ほしがりませんがまたやってくる

2012.05.21 晴れ

今朝は Bibio – The Ephemeral Bluebell でスタート。Stephen Wilkinsonによる懐かしい音に聞こえるし、テクノサウンドでも楽しめる。ヘッドホンで多彩な音を聴きながら、朝日を眺めたくなるようなナンバ。Bibioもマイフェイバリットナンバ。

M先生のページ作りに四苦八苦していながらF先生の資料作りに悪銭苦闘。テキストを入力してはdeleteボタンを押す。マウスを動かして図を描いてはcommand+zを押す。

二十四節気、小満。
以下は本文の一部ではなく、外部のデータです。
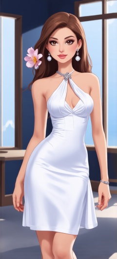 A stunning young woman stands confidently in a luxurious indoor setting, her piercing brown eyes locked onto the viewer. Her long, luscious brown hair cascades down her back like a waterfall, as she wears a fitted white halter-neck dress that accentuates her toned physique and medium-sized breasts. Her bare shoulders gleam in the soft light, adorned with delicate jewelry - a ring on her finger, earrings dangling from her lobes. The dress cinches at her waist, highlighting her curves as she stands tall in high heels. A single flower rests against her chest, its petals unfolding like a secret message. The overall atmosphere is one of elegance and sophistication, with the subject exuding confidence and poise.,Realistic Enhance,Cartoon
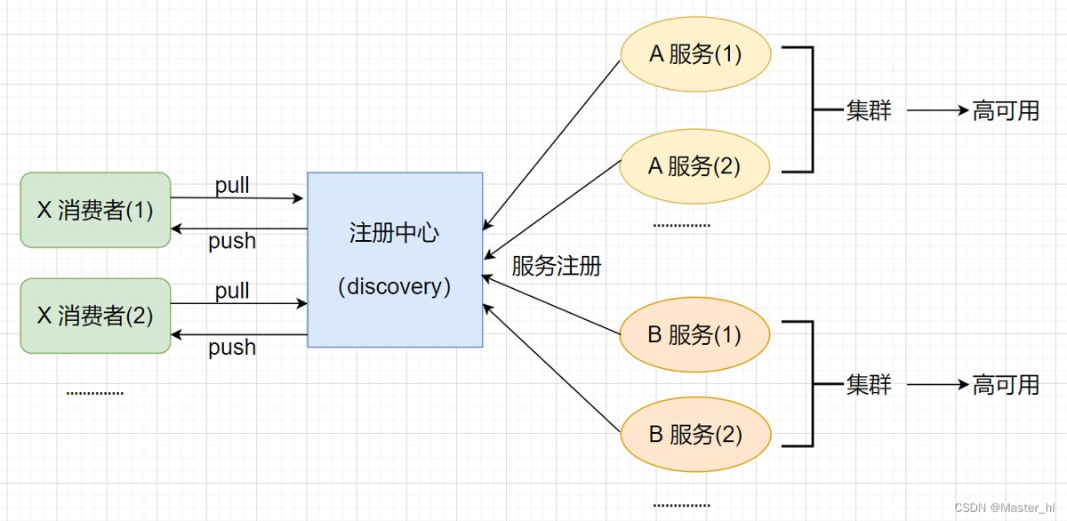 - 服务发现是注册中心将服务列表推送给调用服务的消费者 / 消费者向注册中心拉取服务列表;

稜線の濃度が高くなる。躍動がはじまる。第二十二候、蚕起食桑。旬は岩魚らしい。釣りをするなら海か山か。どちらもやる人はいらっしゃるだろうけど、僕は山だと思う。静寂のなかでやってみたい。五月は雨も多い。そろそろ梅雨の走りか。荒れた天候があり、たくさんの出来事があったのち、それらは「全体」の記憶の片隅に追いやられつつある。その記憶が取り出されるのはいつごろか。年末か。残酷と不条理は日常生活と隣りあわせ。残酷と不条理に向き合い続けるより忘れるほうにリソースを消費する。そうしないと膨大な情報を処理できない。

14:00に出発して京都駅へ。C社のH氏と打ち合わせ。ウェブサイトからコンタクトを増やしたい。特殊な業種だから厳しい。承知している。が、なんとかしたい。手探りが続く。情報だ。情報は、文字・音声・音・絵・図・表・写真・映像・数式などの形式を使って表現する。表現方法を組み合わせて適当なペルソナに情報を届けなければならない。17:00前に終了。

フィードから流れてくるテキストを読んでいると、戦中のメディアは今のような状態だったのかなぁと想像する。ほしがりません何チャラってフレーズが頭に浮かんだ。こわい。手段である節電が、カルト集団のドグマに見える。同調圧力のアイコンだ。村八分。新聞社は、両サイドの「主義者」を刺激するテーマを書くとき、「有識者」に代弁させている。その有識者も、両サイドのどちらかに所属していそうだ。発言の機会が与えられているから持論を存分に展開する。これで新聞社は署名記事を書かなくてすむ。

TwitterのTLでは、科学・技術・法治・政治の視点から冷静な議論が積み重ねられている。中には感情的なツイートもあるが、議論を構成する母集団が大きくなれば一定の比率で発生する。感情的なツイートは読めるが、発狂しているつぶやきはスルーしている。ただ140字の制限があるから緻密な議論は難しいし継続は期待できない。断片的な議論でもありがたい。巨視的と微視的の意見を拾い集めて自分の思考の種に組み合わせる。

TwitterのTLを眺めていると、「あっ、この人の感性ってステキだなぁ」って感じる瞬間がある。どういうときか? 単語の選択力にふれたとき。TLに流す単語の選択が最適化されている。

相手が専門家でないと憶測したら、タームを平易な単語に置き換える。全部置き換えられない。可能なかぎり置換している。修辞や類比を使ってかみくだいて意見を述べていらっしゃる。

他方、相手を専門家と識別したら、タームを駆使して140字の制限を縦横無尽に駆け抜ける。正直、140字のテキストを読んでも、僕にはわからないが、会話が成立しているぐらいは判定できる。その丁々発止のやりとりがうらやましい。おもしろい。ステキだ。

だから、これとは反対の人、ちりばめられた覚え立てホヤホヤのタームや知識の卸売りに遭遇すると、僕は文字アクセス機能を低下させる。そういう人の匂いをかぎ分けやすい。なぜなら一昔前の自分だからだ。昔の自分と出会った奇妙な感覚が起動する。

非科学的なあやしいことを書くと、自分の意見を自分の理路で出力する人の語感は、痕跡を含んでいる(ような気がする)。痕跡は見えない。見えないから聞いている僕の頭のなかで想像が膨らんでいく。想像を膨らませてくれるから、欲望のスイッチがオンになる。この人が探究している「先」を僕も味わってみたい、とソワソワさせる。居ても立っても居られない。

そういう人とこれからも出会いたい、とワクワクしている。